## [Your objective]
Omit every picture, then return each line of the data below exactly.

## [Entries provided]
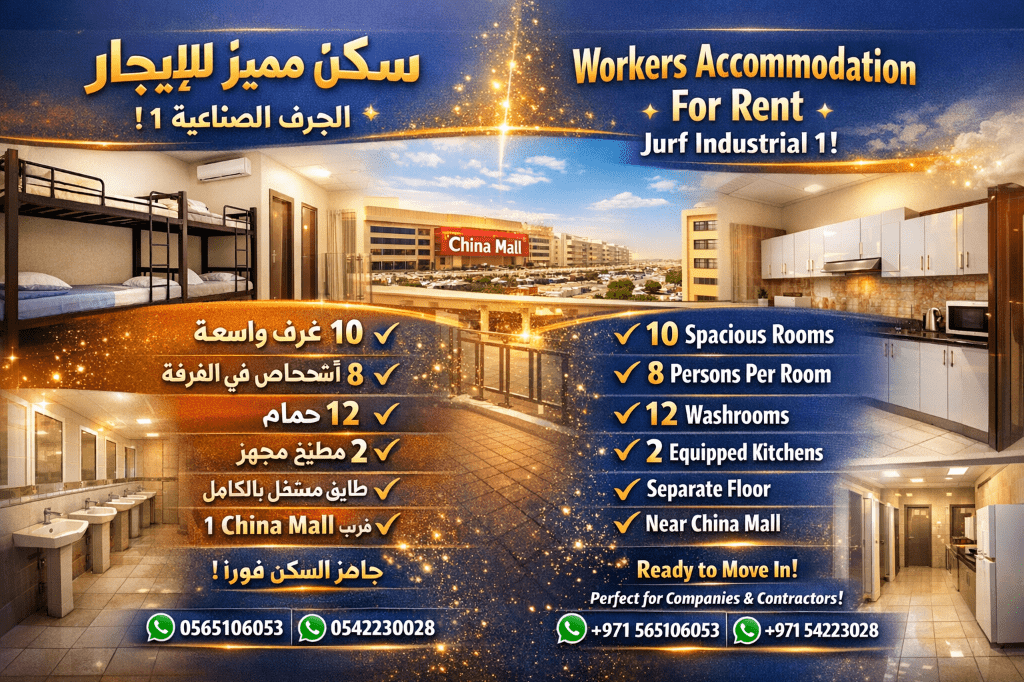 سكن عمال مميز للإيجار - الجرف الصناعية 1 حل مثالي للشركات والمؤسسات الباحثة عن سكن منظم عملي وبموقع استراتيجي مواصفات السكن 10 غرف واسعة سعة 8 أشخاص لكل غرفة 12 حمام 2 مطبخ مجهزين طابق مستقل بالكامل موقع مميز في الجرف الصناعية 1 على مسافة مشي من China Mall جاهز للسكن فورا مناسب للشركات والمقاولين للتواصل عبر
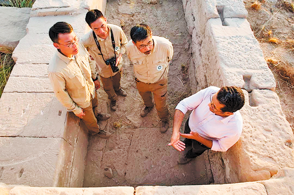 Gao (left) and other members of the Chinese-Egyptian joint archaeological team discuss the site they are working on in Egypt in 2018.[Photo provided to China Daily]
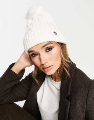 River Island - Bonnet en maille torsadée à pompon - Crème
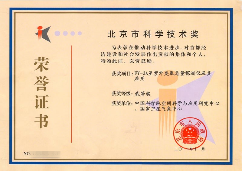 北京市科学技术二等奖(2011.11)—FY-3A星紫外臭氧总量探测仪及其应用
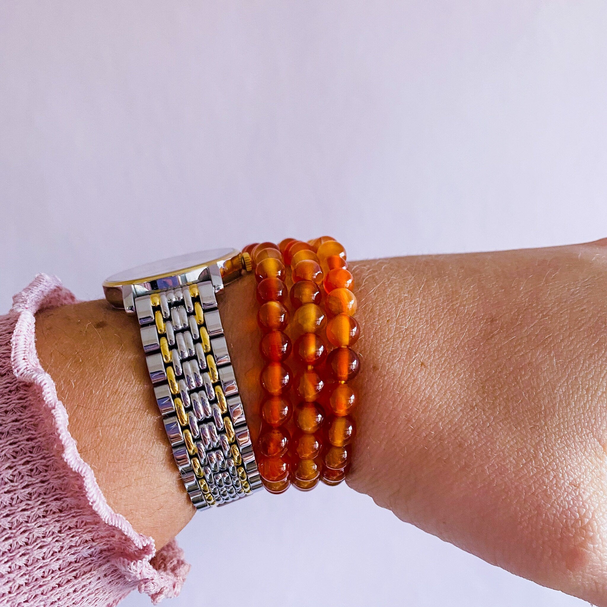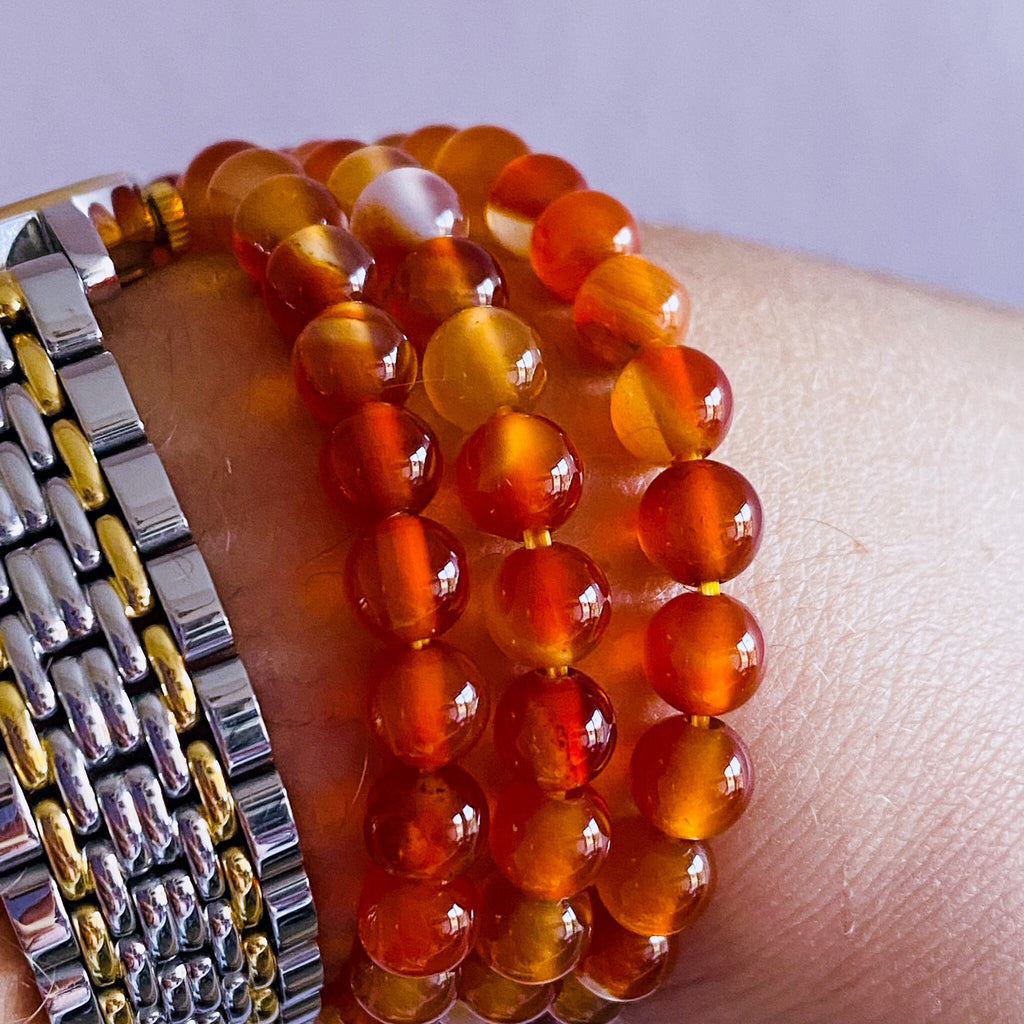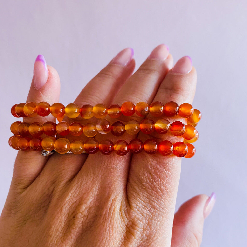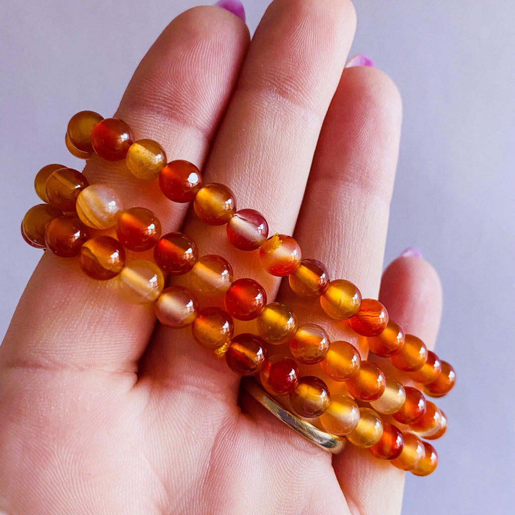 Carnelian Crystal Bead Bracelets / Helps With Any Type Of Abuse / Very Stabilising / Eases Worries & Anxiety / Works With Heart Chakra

## [Task output]
 سكن عمال مميز للإيجار - الجرف الصناعية 1 حل مثالي للشركات والمؤسسات الباحثة عن سكن منظم عملي وبموقع استراتيجي مواصفات السكن 10 غرف واسعة سعة 8 أشخاص لكل غرفة 12 حمام 2 مطبخ مجهزين طابق مستقل بالكامل موقع مميز في الجرف الصناعية 1 على مسافة مشي من China Mall جاهز للسكن فورا مناسب للشركات والمقاولين للتواصل عبر
 Gao (left) and other members of the Chinese-Egyptian joint archaeological team discuss the site they are working on in Egypt in 2018.[Photo provided to China Daily]
 River Island - Bonnet en maille torsadée à pompon - Crème
 北京市科学技术二等奖(2011.11)—FY-3A星紫外臭氧总量探测仪及其应用
 Carnelian Crystal Bead Bracelets / Helps With Any Type Of Abuse / Very Stabilising / Eases Worries & Anxiety / Works With Heart Chakra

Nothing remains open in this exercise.